EXERCISE BRIEF
From the line that contains "Super cool vintage" down to the last line of the entries, repeat every line exactly. Do not carry over the pictures.
BEGIN INPUT DATA
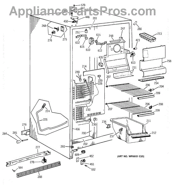 Parts for Ge TFG22JABEWW: 02 - Freezer Section Parts
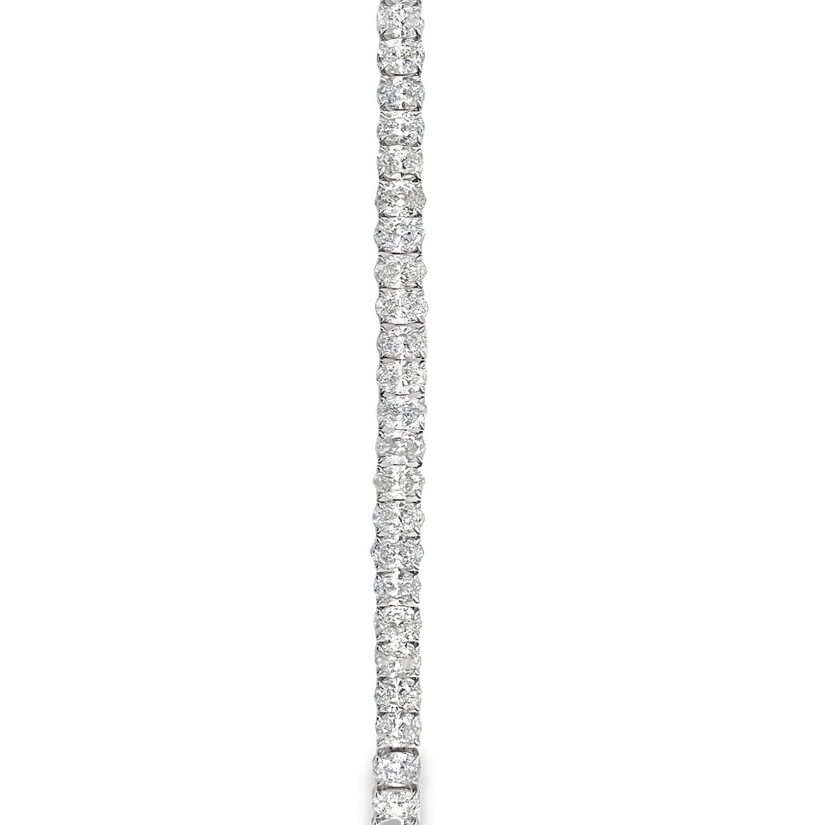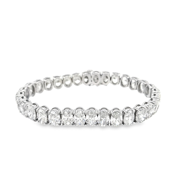 This exquisite bracelet features a breathtaking array of 32 oval-cut diamonds, totaling an impressive 33.16 carats, meticulously arranged to create a mesmerizing display of brilliance and elegance. Set in lustrous 18KT white gold, the diamonds are securely held in place while allowing maximum light to pass through.
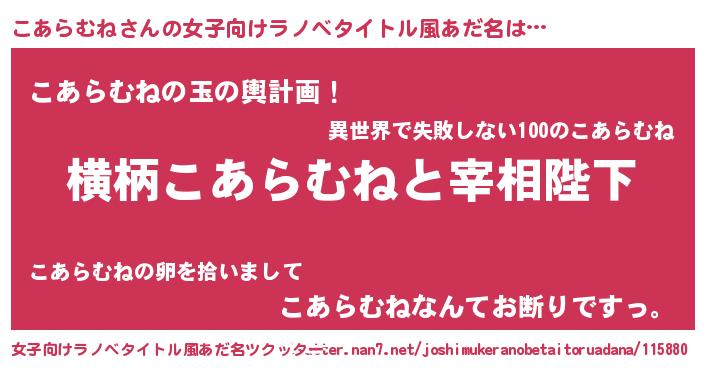 | 胡散臭い通販商品みたいなあだ名 | 『テレビで話題の高麗人参…その名も「こあらむね」』 |
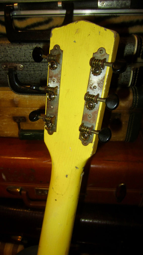 Super cool vintage solid body, one of the first, with a killer yellow finish and metal hubcap around the edge!
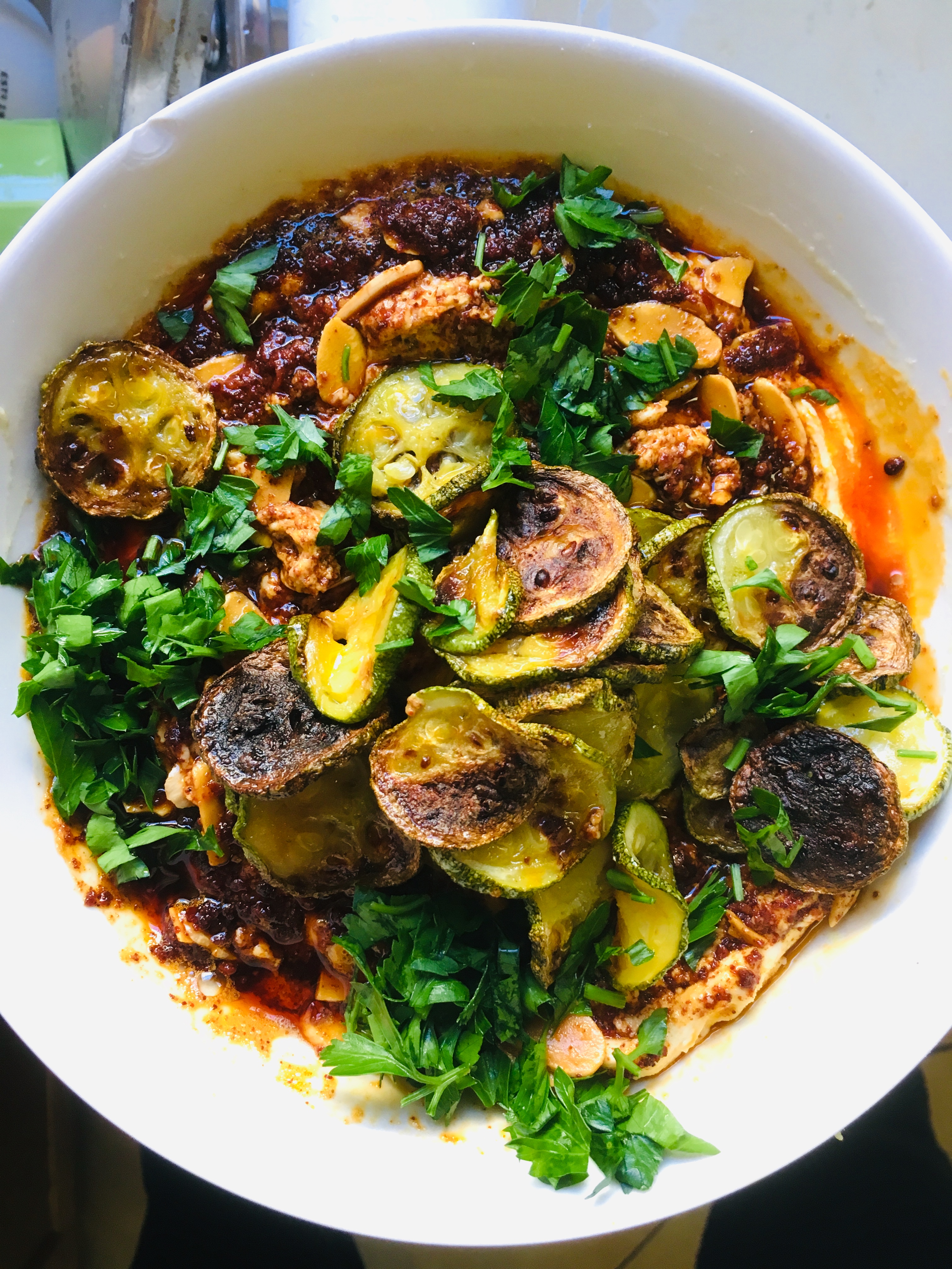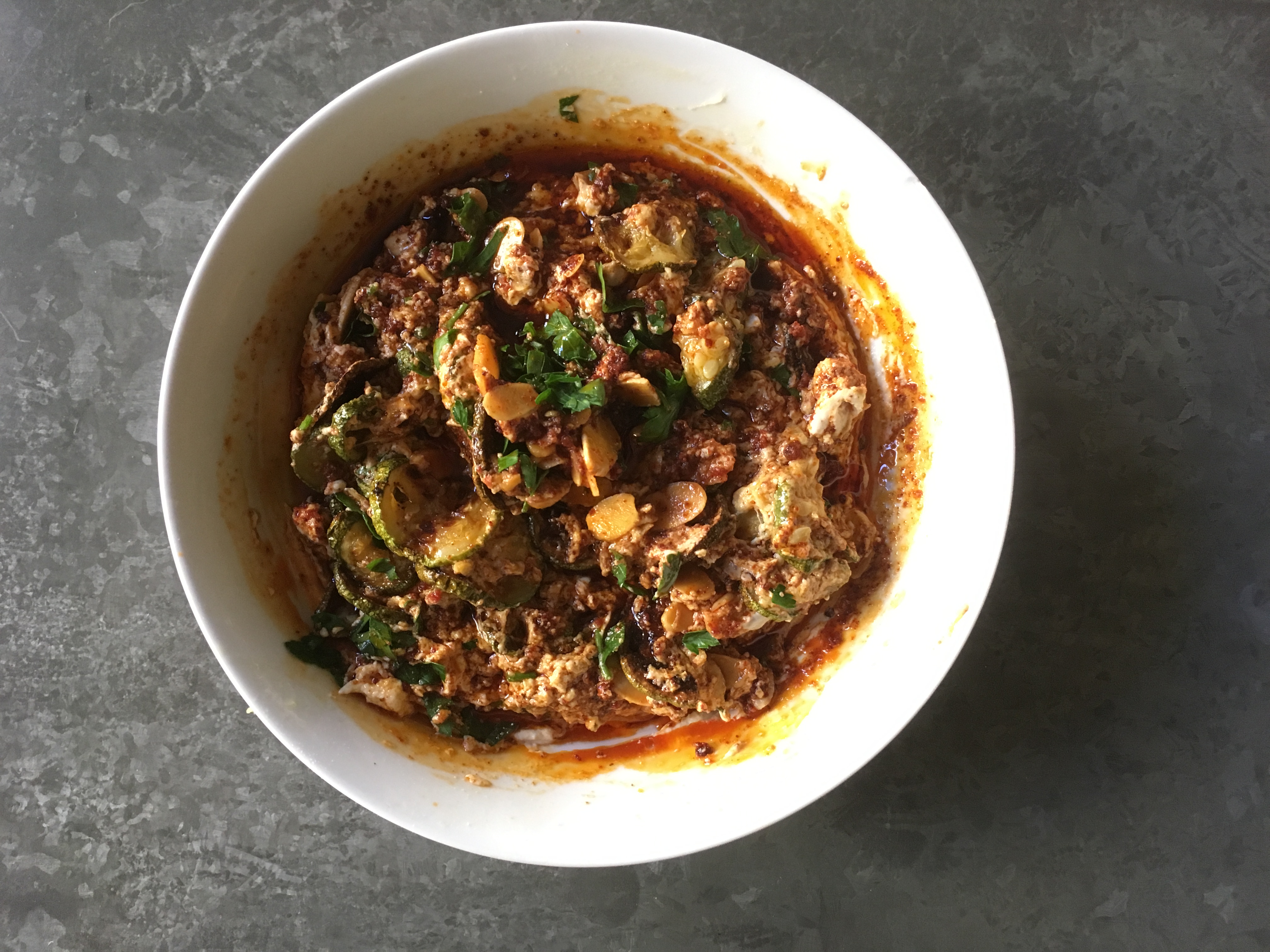 The dish is syrian from the Aleppo region, where my family’s from. The base is similar to a previous recipe I posted, and is a common base for many dishes of this variety. It uses yogurt, tahini and various seasonings depending on the dish. Since yogurt is high in carbs, I use labne instead. Here are some pictures from today’s kitchen
END INPUT DATA
OUTPUT FOR THIS TASK
 Super cool vintage solid body, one of the first, with a killer yellow finish and metal hubcap around the edge!
 The dish is syrian from the Aleppo region, where my family’s from. The base is similar to a previous recipe I posted, and is a common base for many dishes of this variety. It uses yogurt, tahini and various seasonings depending on the dish. Since yogurt is high in carbs, I use labne instead. Here are some pictures from today’s kitchen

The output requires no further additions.